In a significant move, the Nigerian government has officially demanded almost $10 billion (£8 billion) in compensation from the cryptocurrency giant Binance. The government accuses Binance of manipulating foreign exchange rates through currency speculation and rate-fixing, resulting in the devaluation of the naira by nearly 70% in recent months. Two Binance executives were arrested in Nigeria earlier this week. As of now, Binance has not responded to the BBC’s requests for comment.

Nigeria, known for having Africa’s largest economy and one of the world’s largest cryptocurrency markets, has been at the center of recent cryptocurrency-related developments. The Central Bank of Nigeria alleges that Binance Nigeria facilitated the movement of $26 billion worth of untraceable funds, contributing to the severe devaluation of the national currency.

“These allegations are weighty,” commented Tilewa Adebajo of CFG Advisory to the BBC. “That’s a huge sum – even more than the annual Nigeria diaspora remittances of $24 billion.”

“Cryptocurrency transactions equivalent to about 12% of Nigeria’s total income, or GDP, took place in the year to June 2023,” according to Reuters news agency.

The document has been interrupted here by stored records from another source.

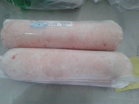 用排酸后的羔羊肉卷成圓柱狀,稱(chēng)之為羔羊肉卷。做成長(zhǎng)方形
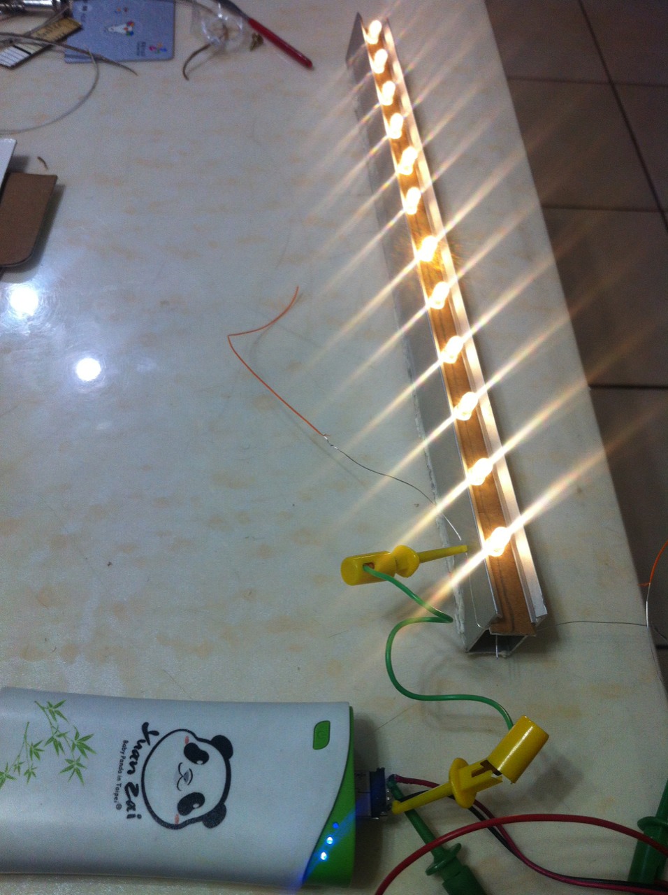 --- title: "Infinity Mirror" tags: hackpad --- # Infinity Mirror > [點此觀看原始內容](https://openlabtaipei.hackpad.tw/zSBWW4amR9h) Infinity Mirror [https://www.youtube.com/watch?v=zKaaYmyNUmQ](https://www.youtube.com/watch?v=zKaaYmyNUmQ) ↑↑↑ 前陣子小弟的FB一直出現Infinity Mirror的影片,所以小弟今天也來試做看看。 =============================================================================== STEP ONE ================================================================================  小弟先跟鴻旗要了一條鋁擠型,用厚紙板當底做了一條用行動電源點亮的LED燈條。 要先有這個燈條的基本概念才能延伸Infinity mirror,整個電路設計的原理大致上如下: 假設行動電源能提供的總電流大概是1.5A~2A,我們主要透過電阻的阻值去限制每一顆LED燈流過的電流大小。如果每一顆LED我們給他流過0.2A的電流,那這個2A的行動電源可能就只能供給10顆並聯的LED燈亮,所以亮度跟LED的顆數是成反比,顆數越多就只能犧牲亮度越不亮。 詳細的計算公式我之後再補上。 ===================================================================================== STEP TWO =====================================================================================    由於小弟是一個不及格的Maker,所以直接去商店買了有外框的鏡子、壓克力展示架跟汽車隔熱紙,希望有朝一日能夠手做木工框,用雷切切自己喜歡的壓克力圖型ㄒ^ㄒ。接下來這個步驟,將汽車隔熱紙貼到壓克力板上,貼的時候的技巧跟貼手機包膜差不多,就是細心。包好之後就得到一塊貼著汽車隔熱紙的壓克力板,只要貼單一面就好了。  ============================================================================ STEP THREE ========================================================================== 最後一個步驟,只要將LED燈條卡在兩者中間就可以完成Infinity mirror的效果。  年節快到了,大家也來做一個吧,把文字加在裡面應該滿有趣的。
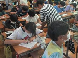 2025/9/18 【6年】円柱に穴の空いた形の体積 6年生 Facebook 2025.09.18 算数で体積の学習をしています。今日は円柱に穴の空いた形の体積を求めました。小数のかけ算がたくさん出てくるなどして、計算が大変だと言っていました。みんなで教え合いながら頑張って解きました。 Post Views: 74
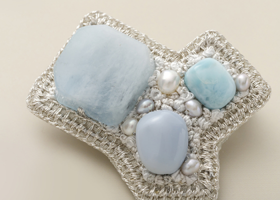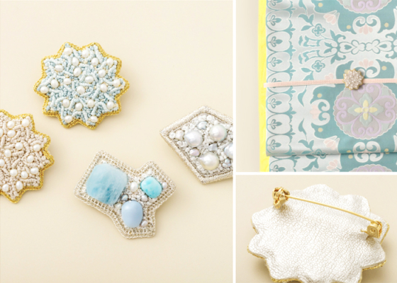 刺繍ジュエリー作家の石渡明子さんが手がけるのは、日本刺繍に使われるmade in 京都の絹糸や、金銀糸を用いて真珠や天然石を縫い込んだ、全てが1点ものとなるブローチ。
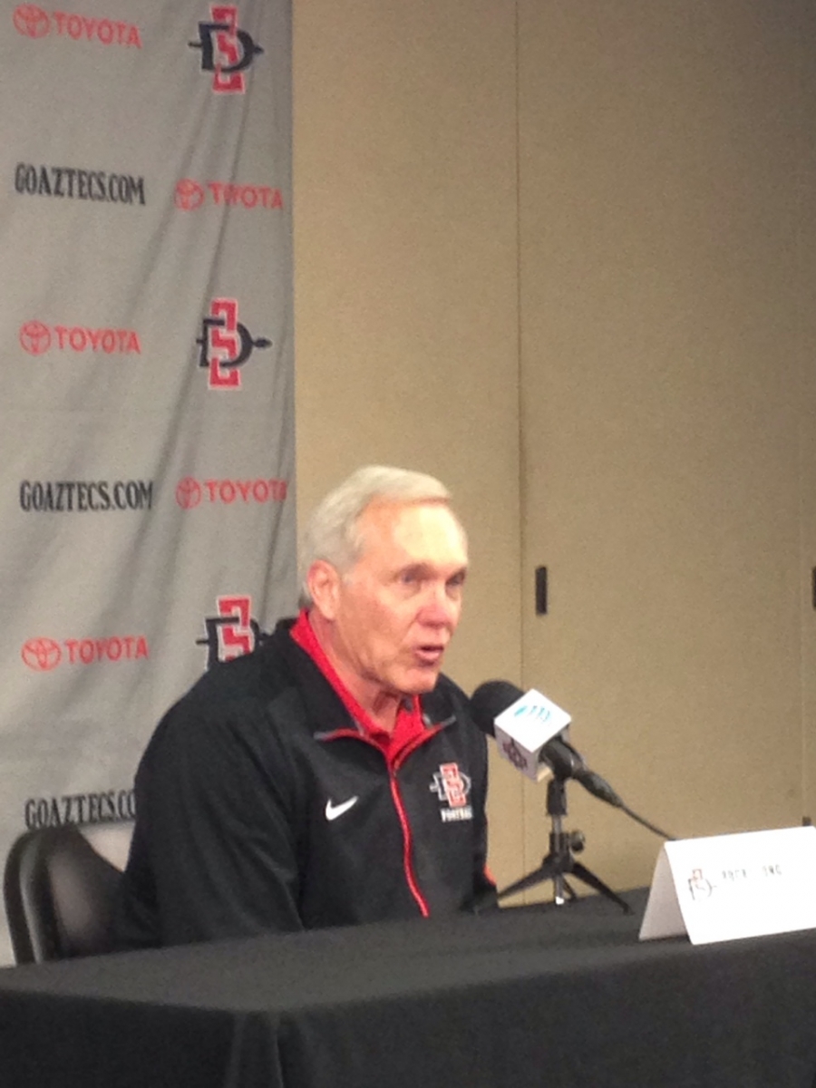 A problem on any basketball team is foul trouble and SDSU had a lot of that last night. Fisher was asked how to avoid it. “We need everybody to come out of the game because I want to take them out, and not because we feel like we need to protect them and hold them because they have two early fouls or three or four fouls…. Zylan is our best screener. He’s our best screener, so he has to screen and not get called for an illegal screen like he did last night. So we’ve got to eliminate some of those kinds of plays, but yeah we need to have him ready to go, and me take him out when I think he needs a break and when I want to take him out. He’s got to stay out of foul trouble.”
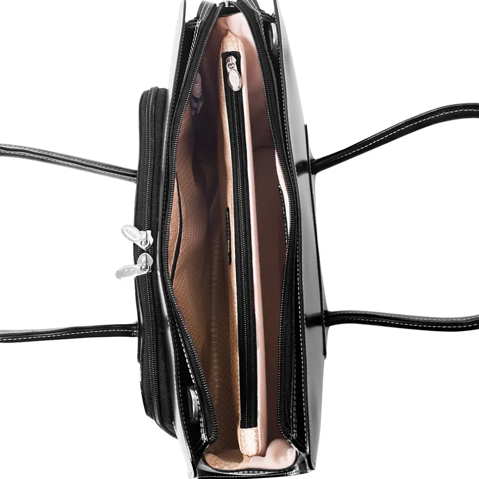 Multi-use briefcase offers a sleek contoured design. Front organizer zipper section with storage space for media devices, business cards, key holder and pens. Top zipper allows easy access to the main compartment.Interior zipper pocket helps organize. Double compartment divided by secured zipper pocket. Laptop compartment protects laptops up to 15″ in screen size. Tablet pocket. Practical and stylish tubular leather arm straps. Removable shoulder strap included. Smart strap allows easy attachment on extended handles of other rolling cases.
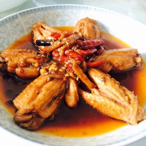放入干红辣椒,食用盐,水烧开以后可以尝试一下咸淡,在酌量添加,期间用小火,鸡翅才会入嘴脱骨
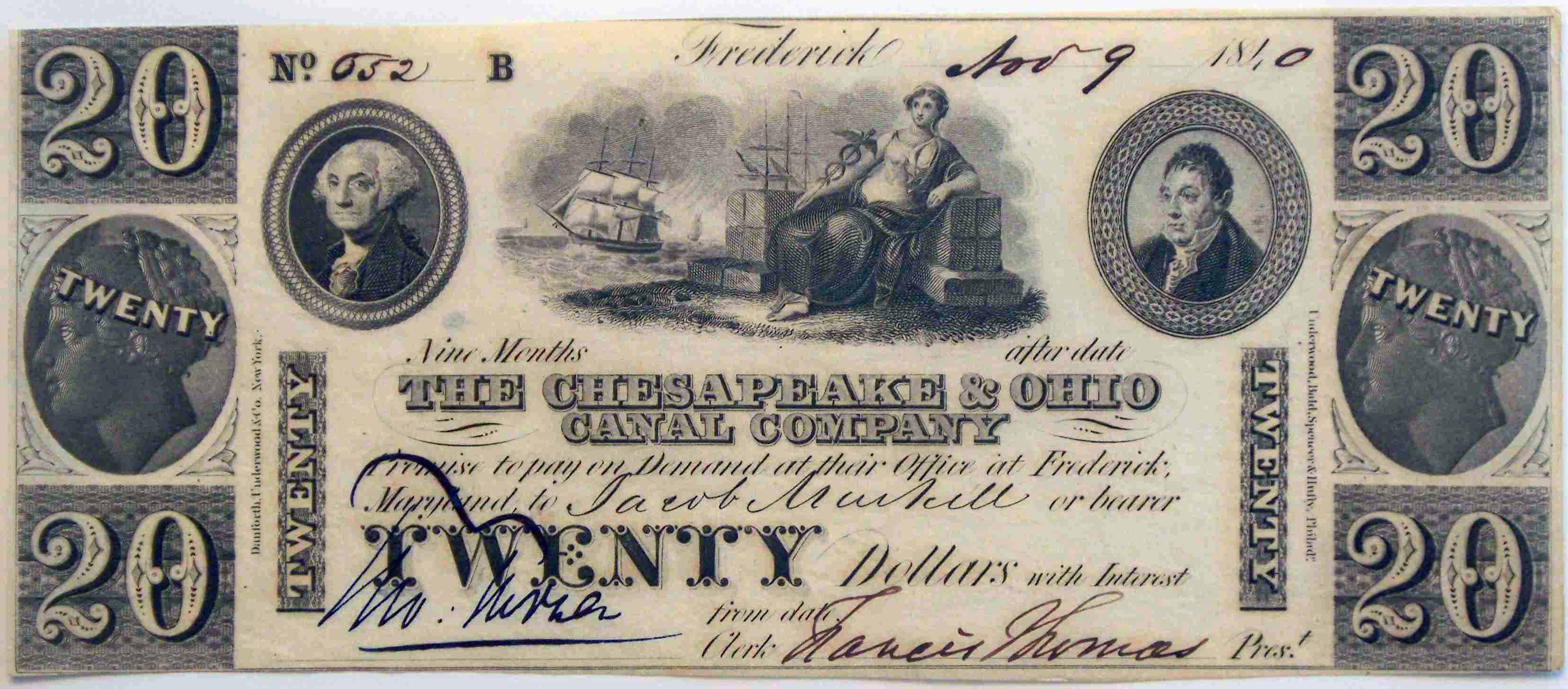 This is a $20 note published in 1840, with the city "Frederick" Maryland printed in the top center.
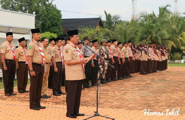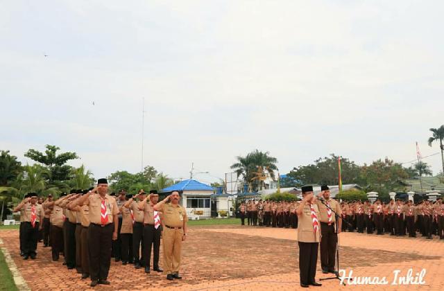 Bupati Pimpin Apel Gelar Senja Kwarcab 04.02 Gerakan Pramuka Kabupaten Inhil

Cryptocurrencies are not illegal in Nigeria, but companies must register to operate. A special adviser to Nigeria’s president revealed that Binance failed to comply with this requirement. The recent suspension of Binance and other cryptocurrency firms in Nigeria aims to halt the devaluation of the naira.

President Bola Tinubu, who assumed office last year, eliminated the policy of pegging the naira to the dollar. However, special adviser Bayo Onanuga emphasized that the recent collapse was not the result of normal market activity.

“All of a sudden the exchange rate went through the roof… and it was being caused by the people on Binance platform,” he told the BBC Newsday program. “The government could not just fold its hands and allow this thing to continue.”

Binance, one of the most popular cryptocurrency platforms in Nigeria, faces accusations beyond currency manipulation. The government claims that cryptocurrency is used for money laundering and funding terrorism. A recent report by the Nigerian Financial Intelligence Unit highlighted the anonymity and privacy inherent in the cryptocurrency system, drawing individuals with illicit intentions towards its use.

In an effort to stabilize the national currency, the naira, Nigeria’s central bank has taken measures such as closing thousands of bureaux de change. The naira’s current exchange rate is 1,595 naira to US$1, compared to about 460 a year ago. The devaluation has exacerbated the cost-of-living crisis, leading to protests against high food and commodity prices.